Even after three championship rings and five consecutive trips to the NBA Finals in the Bay Area, Welts said he still couldn’t stomach the league’s decision to suspend Amar’e Stoudemire and Boris Diaw in a second-round series against San Antonio in 2007. Stoudemire and Diaw received suspensions for Game 5 for leaving the bench to check on Nash, who had been hip-checked into the scorer’s table by the Spurs’ Robert Horry late in Game 4. Welts said this week, nearly 15 years later, that he continues to believe the rulings “changed the outcome of the playoffs.”

Yet with each passing day in these playoffs – with an assist from that inviting landscape that has opened up so wide because of injuries – this season’s Suns look like the team equipped to finally heal some of those wounds. Or maybe help fade some of the lingering scars from the 2005 playoffs. During that run, Joe Johnson sustained a broken eye socket, at a time when Phoenix had what many regarded as its strongest team of the Nash era.

“I have lost my voice rooting for them in at least two games so far,” Welts said. “So excited.”

No one quite knew it at the time, but the Suns’ improbable rise began when, before the 2019-20 season, Williams chose Phoenix over the L.A. Lakers’ job to work with Booker and Deandre Ayton, whom Phoenix selected with the No. 1 overall pick in the 2018 draft. What followed was an 8-0 run last summer in the Walt Disney World bubble in Florida, and then the November acquisition of Paul.

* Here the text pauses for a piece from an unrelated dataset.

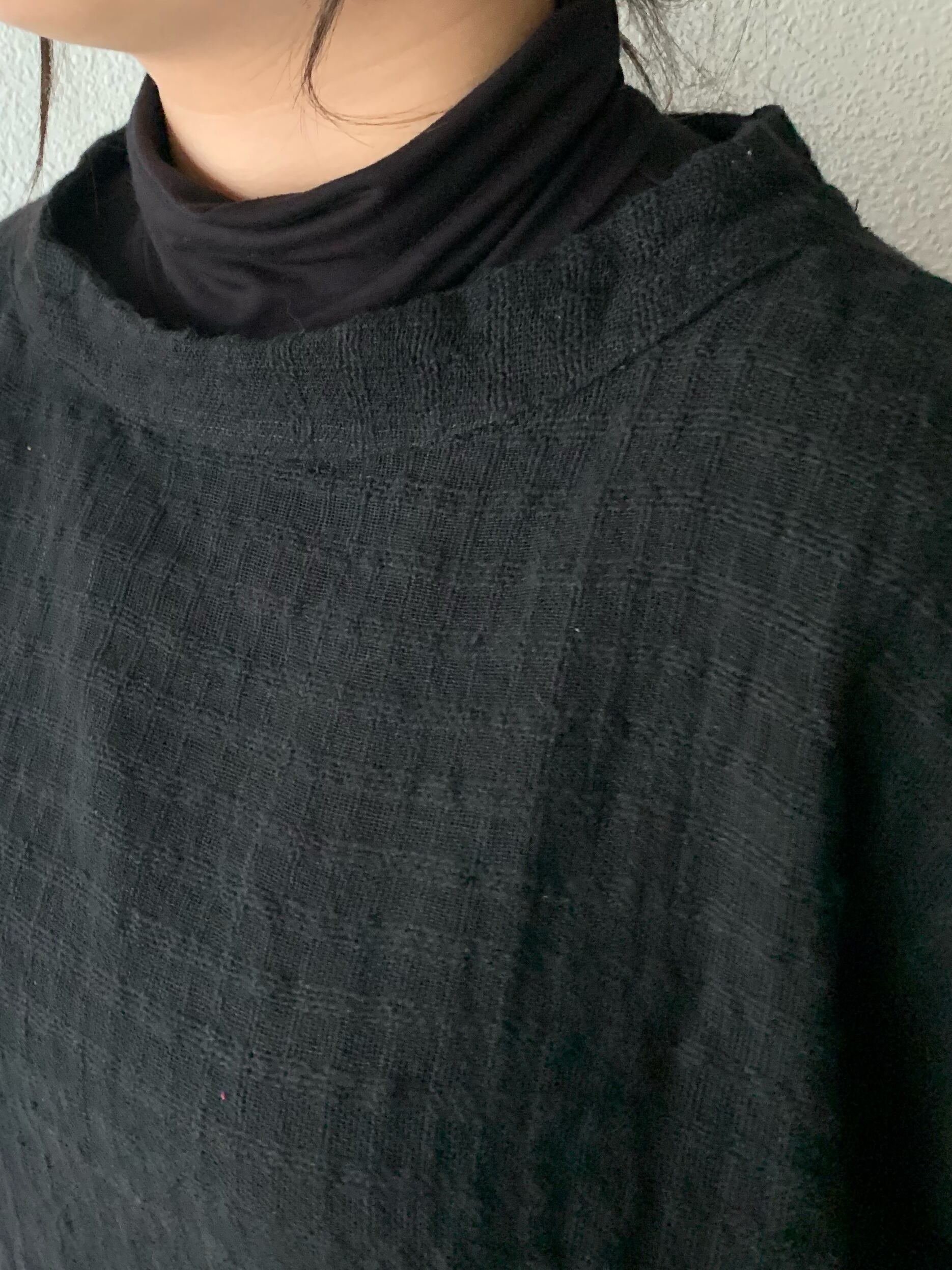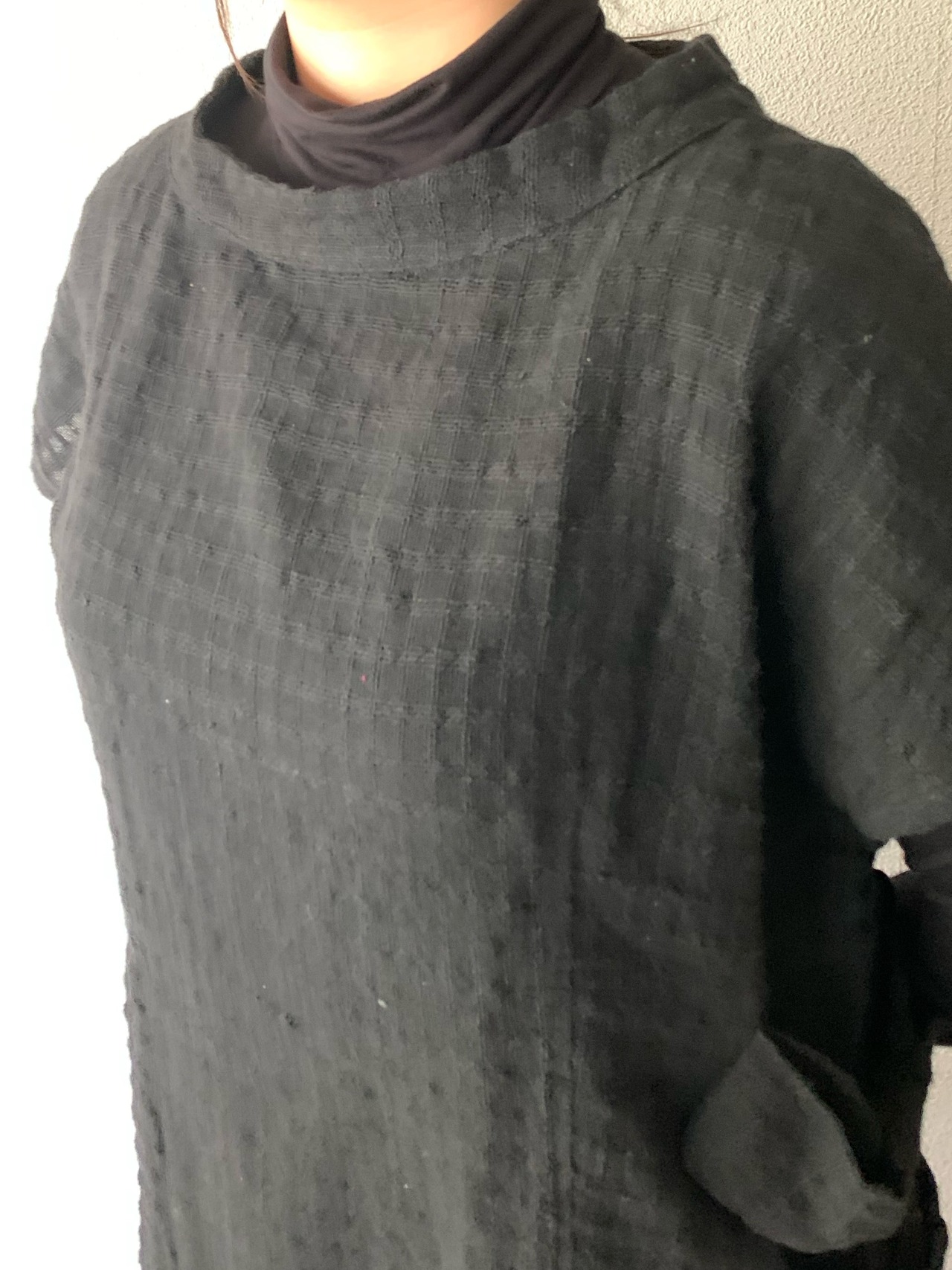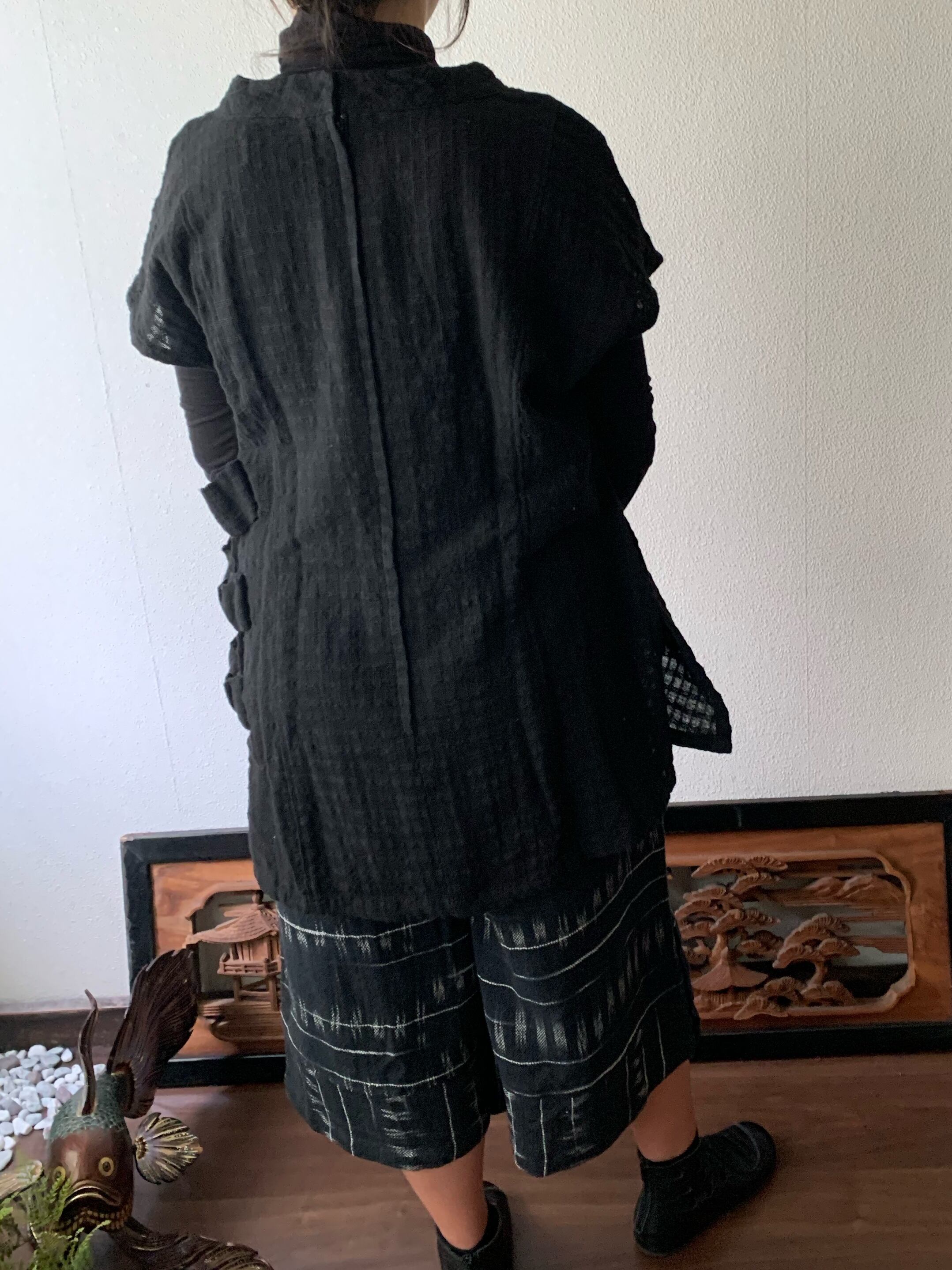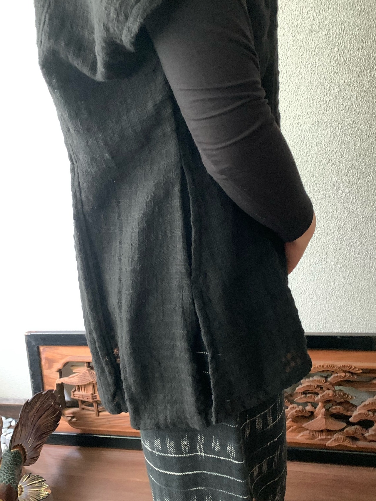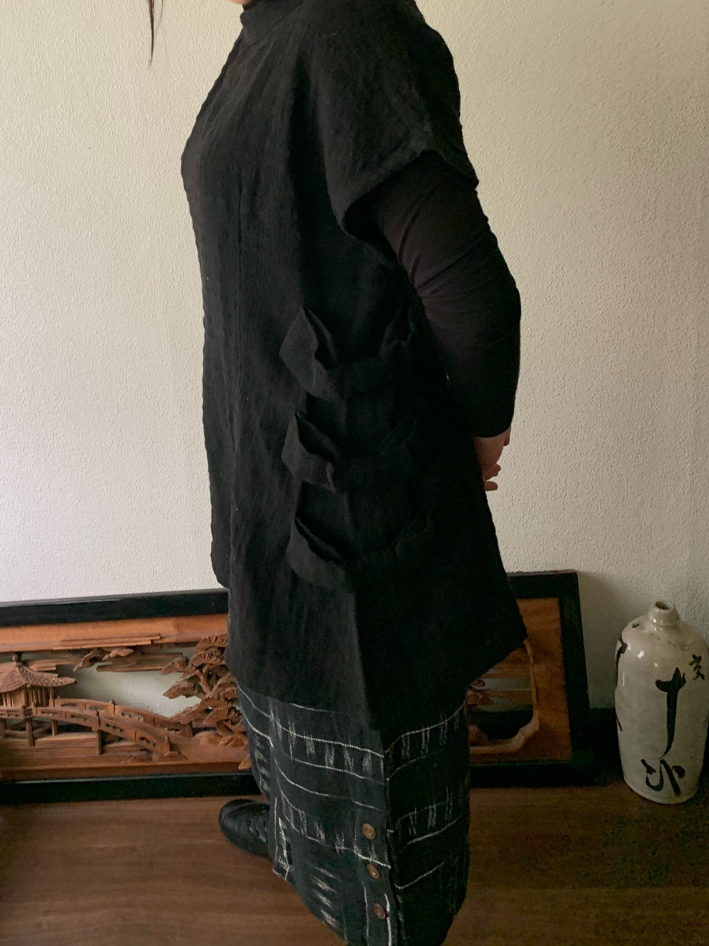 『手織り綿のアシンメトリーチュニック 片サイドリボンで可愛くエレガントに 黒無地』

With Paul, Booker and Ayton all meshing so well under Williams, Phoenix is a ridiculous 71-25 when you combine its bubble, regular-season and playoff records since July, 2020.

Yet Booker, still not sorry, made it clear he won’t be satisfied unless the Suns go one round further and fully capitalize on the glorious opportunity they’ve been given. Especially considering the uncertain health of Milwaukee’s Giannis Antetokounmpo and Atlanta’s Trae Young.

“This is nice and all,” Booker said, “but we’re going for the Larry for sure.”

He was referring to the Larry O’Brien championship trophy. Having shed that pesky face shield, at risk to his exposed nose but for the benefit of peak vision, Booker must see it clearly: Phoenix may never have a better opportunity to win it all.